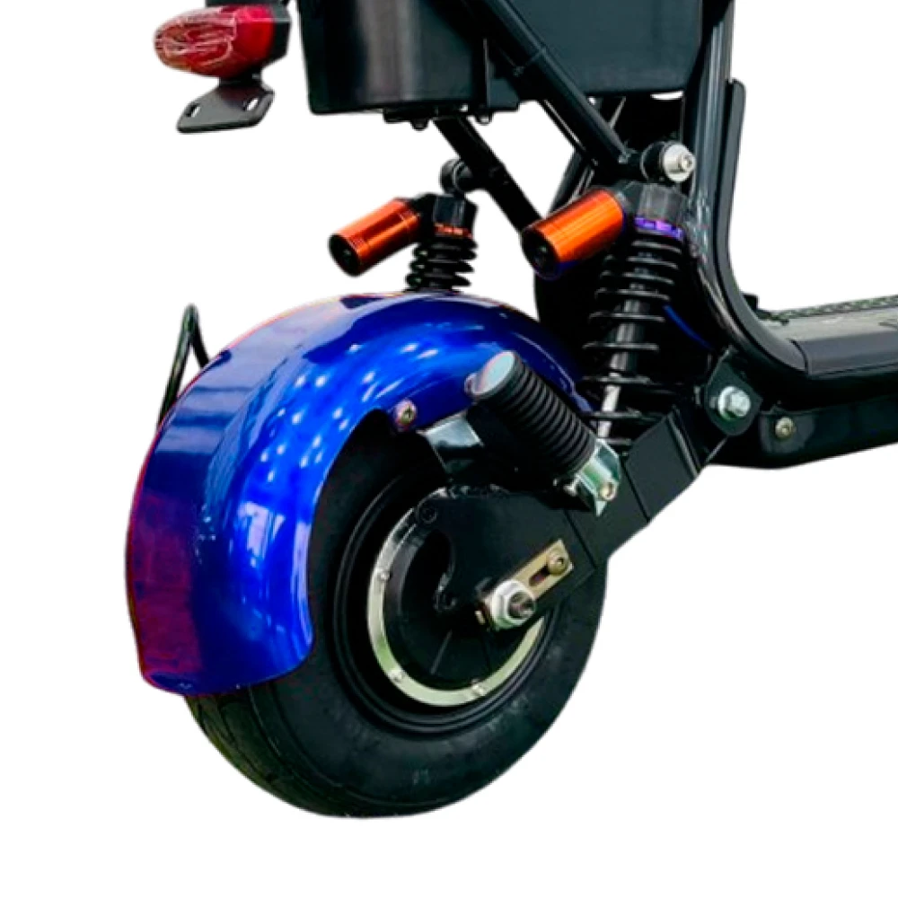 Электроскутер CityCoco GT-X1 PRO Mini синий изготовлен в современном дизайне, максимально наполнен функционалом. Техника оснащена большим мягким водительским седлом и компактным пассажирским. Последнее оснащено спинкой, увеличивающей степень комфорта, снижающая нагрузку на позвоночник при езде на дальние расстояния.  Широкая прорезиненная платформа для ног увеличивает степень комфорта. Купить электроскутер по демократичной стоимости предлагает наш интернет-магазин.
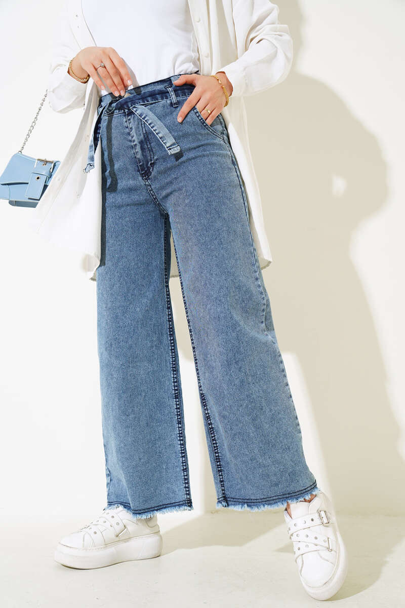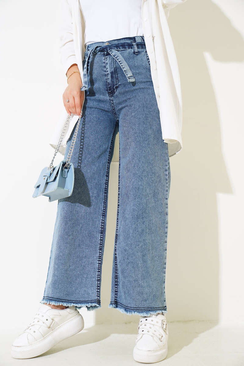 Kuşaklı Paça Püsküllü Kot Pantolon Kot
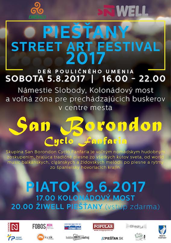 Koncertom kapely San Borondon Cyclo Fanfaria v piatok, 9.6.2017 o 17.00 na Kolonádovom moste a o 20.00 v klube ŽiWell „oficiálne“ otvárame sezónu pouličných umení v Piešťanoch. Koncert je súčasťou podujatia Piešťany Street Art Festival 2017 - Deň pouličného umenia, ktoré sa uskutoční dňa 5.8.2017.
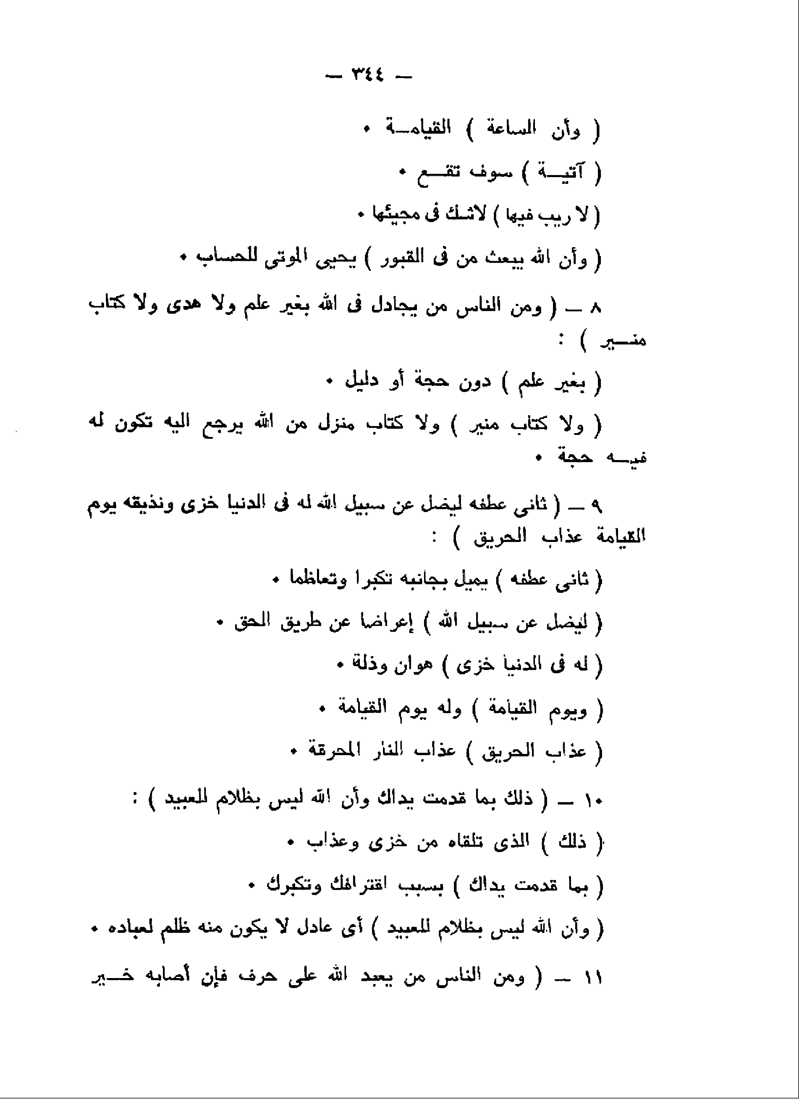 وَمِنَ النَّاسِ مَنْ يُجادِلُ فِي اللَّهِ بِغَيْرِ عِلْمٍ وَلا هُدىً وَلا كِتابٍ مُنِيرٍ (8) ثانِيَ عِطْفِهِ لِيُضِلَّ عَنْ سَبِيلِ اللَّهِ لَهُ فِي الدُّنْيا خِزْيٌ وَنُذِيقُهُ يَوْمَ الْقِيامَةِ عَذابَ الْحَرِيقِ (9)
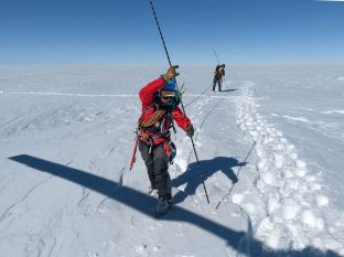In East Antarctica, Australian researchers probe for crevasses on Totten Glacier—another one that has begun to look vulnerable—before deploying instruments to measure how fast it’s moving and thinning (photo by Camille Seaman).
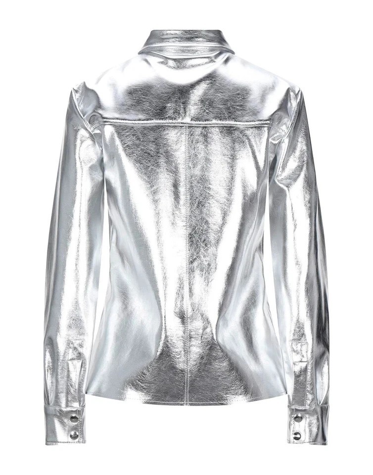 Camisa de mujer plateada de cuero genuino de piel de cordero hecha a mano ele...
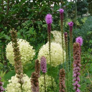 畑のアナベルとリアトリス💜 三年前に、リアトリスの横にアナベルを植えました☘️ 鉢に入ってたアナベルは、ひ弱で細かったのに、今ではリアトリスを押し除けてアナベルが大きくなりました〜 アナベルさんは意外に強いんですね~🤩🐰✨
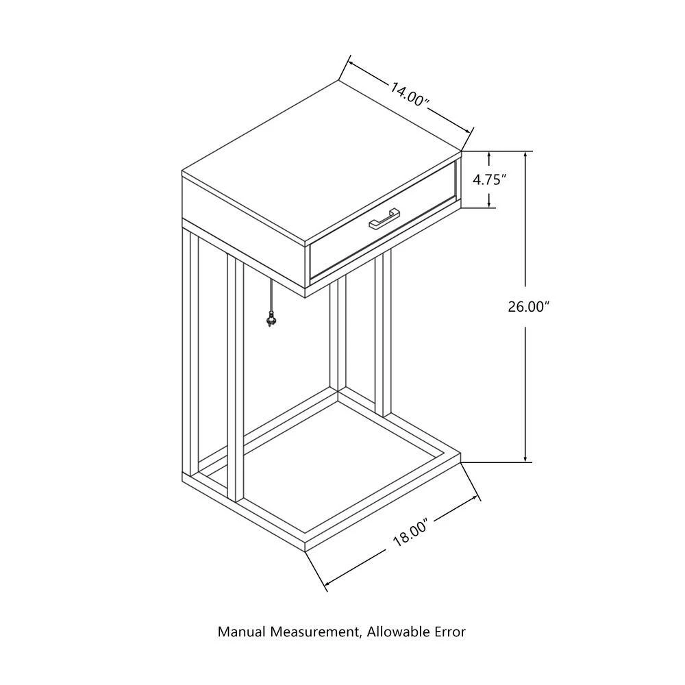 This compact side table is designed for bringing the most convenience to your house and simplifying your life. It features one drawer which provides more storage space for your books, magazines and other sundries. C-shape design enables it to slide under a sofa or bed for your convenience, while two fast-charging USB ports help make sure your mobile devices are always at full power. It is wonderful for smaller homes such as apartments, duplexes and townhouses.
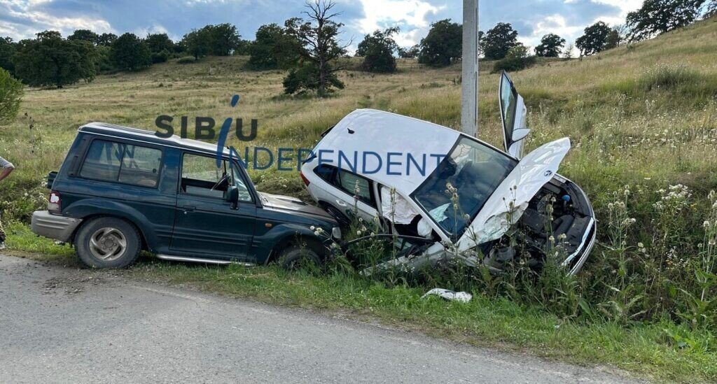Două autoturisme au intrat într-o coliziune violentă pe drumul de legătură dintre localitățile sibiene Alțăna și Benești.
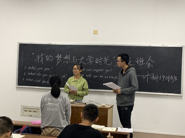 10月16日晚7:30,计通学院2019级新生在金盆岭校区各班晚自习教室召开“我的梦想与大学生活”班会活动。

::::

### Directions for this task
Keeping the pictures out, print the entries above exactly as written.

### Solution to this exercise
 Электроскутер CityCoco GT-X1 PRO Mini синий изготовлен в современном дизайне, максимально наполнен функционалом. Техника оснащена большим мягким водительским седлом и компактным пассажирским. Последнее оснащено спинкой, увеличивающей степень комфорта, снижающая нагрузку на позвоночник при езде на дальние расстояния.  Широкая прорезиненная платформа для ног увеличивает степень комфорта. Купить электроскутер по демократичной стоимости предлагает наш интернет-магазин.
 Kuşaklı Paça Püsküllü Kot Pantolon Kot
 Koncertom kapely San Borondon Cyclo Fanfaria v piatok, 9.6.2017 o 17.00 na Kolonádovom moste a o 20.00 v klube ŽiWell „oficiálne“ otvárame sezónu pouličných umení v Piešťanoch. Koncert je súčasťou podujatia Piešťany Street Art Festival 2017 - Deň pouličného umenia, ktoré sa uskutoční dňa 5.8.2017.
 وَمِنَ النَّاسِ مَنْ يُجادِلُ فِي اللَّهِ بِغَيْرِ عِلْمٍ وَلا هُدىً وَلا كِتابٍ مُنِيرٍ (8) ثانِيَ عِطْفِهِ لِيُضِلَّ عَنْ سَبِيلِ اللَّهِ لَهُ فِي الدُّنْيا خِزْيٌ وَنُذِيقُهُ يَوْمَ الْقِيامَةِ عَذابَ الْحَرِيقِ (9)
In East Antarctica, Australian researchers probe for crevasses on Totten Glacier—another one that has begun to look vulnerable—before deploying instruments to measure how fast it’s moving and thinning (photo by Camille Seaman).
 Camisa de mujer plateada de cuero genuino de piel de cordero hecha a mano ele...
 畑のアナベルとリアトリス💜 三年前に、リアトリスの横にアナベルを植えました☘️ 鉢に入ってたアナベルは、ひ弱で細かったのに、今ではリアトリスを押し除けてアナベルが大きくなりました〜 アナベルさんは意外に強いんですね~🤩🐰✨
 This compact side table is designed for bringing the most convenience to your house and simplifying your life. It features one drawer which provides more storage space for your books, magazines and other sundries. C-shape design enables it to slide under a sofa or bed for your convenience, while two fast-charging USB ports help make sure your mobile devices are always at full power. It is wonderful for smaller homes such as apartments, duplexes and townhouses.
Două autoturisme au intrat într-o coliziune violentă pe drumul de legătură dintre localitățile sibiene Alțăna și Benești.
 10月16日晚7:30,计通学院2019级新生在金盆岭校区各班晚自习教室召开“我的梦想与大学生活”班会活动。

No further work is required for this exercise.